A picture-free, exact reproduction of the listing that follows is required.

Supplied information =
-*-*-

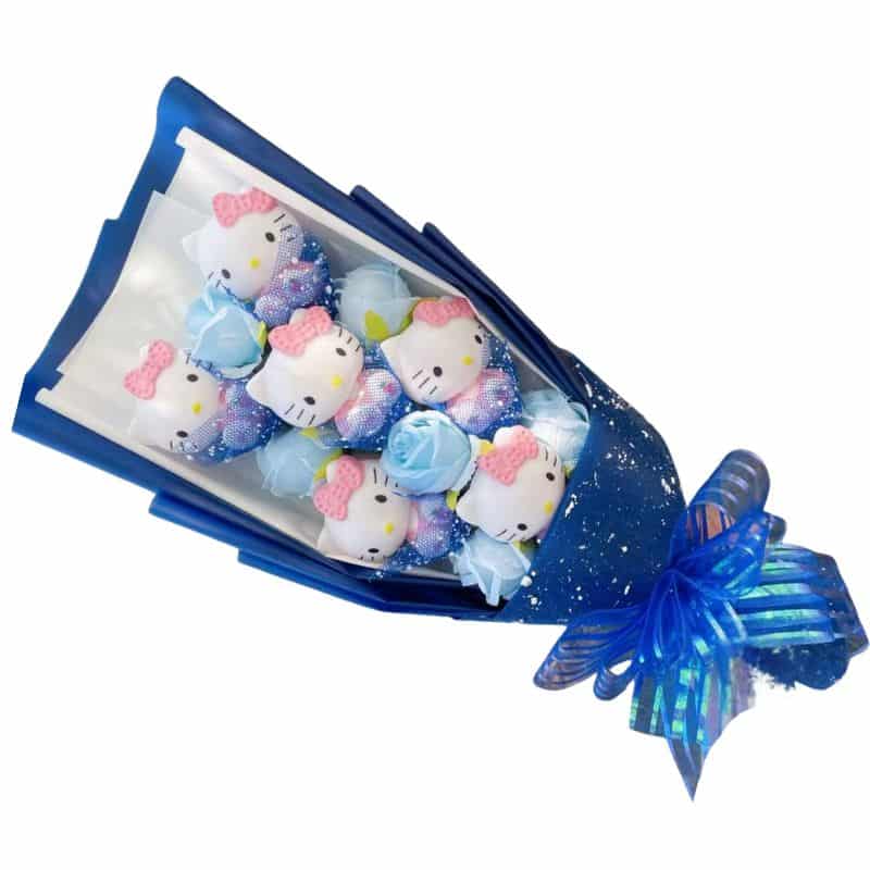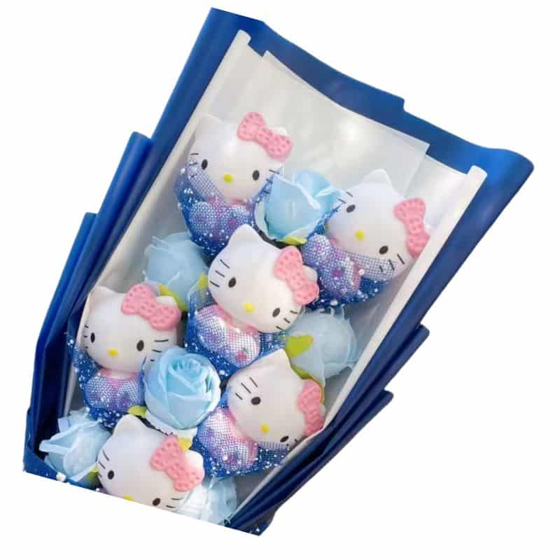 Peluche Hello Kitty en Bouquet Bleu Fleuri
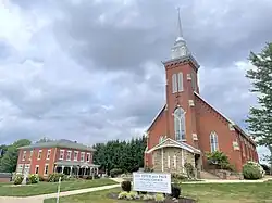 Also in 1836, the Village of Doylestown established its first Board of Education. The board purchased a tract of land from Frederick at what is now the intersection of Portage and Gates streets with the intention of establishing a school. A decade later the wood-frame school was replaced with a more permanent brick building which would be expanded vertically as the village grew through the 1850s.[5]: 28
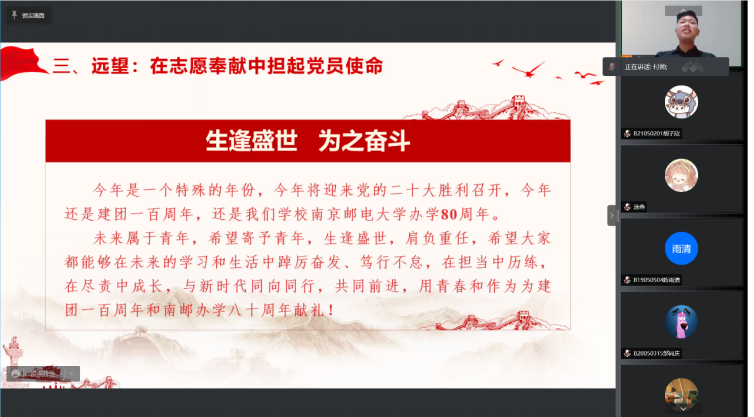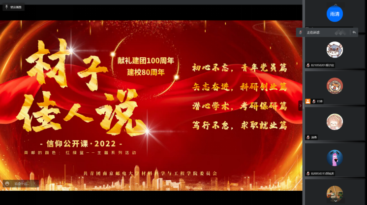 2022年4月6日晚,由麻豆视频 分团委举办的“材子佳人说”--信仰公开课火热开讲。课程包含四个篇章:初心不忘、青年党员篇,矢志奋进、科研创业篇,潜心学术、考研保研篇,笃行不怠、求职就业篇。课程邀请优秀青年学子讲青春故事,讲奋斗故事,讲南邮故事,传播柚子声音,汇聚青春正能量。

-*-*-

Your solution =
 Peluche Hello Kitty en Bouquet Bleu Fleuri
 Also in 1836, the Village of Doylestown established its first Board of Education. The board purchased a tract of land from Frederick at what is now the intersection of Portage and Gates streets with the intention of establishing a school. A decade later the wood-frame school was replaced with a more permanent brick building which would be expanded vertically as the village grew through the 1850s.[5]: 28
 2022年4月6日晚,由麻豆视频 分团委举办的“材子佳人说”--信仰公开课火热开讲。课程包含四个篇章:初心不忘、青年党员篇,矢志奋进、科研创业篇,潜心学术、考研保研篇,笃行不怠、求职就业篇。课程邀请优秀青年学子讲青春故事,讲奋斗故事,讲南邮故事,传播柚子声音,汇聚青春正能量。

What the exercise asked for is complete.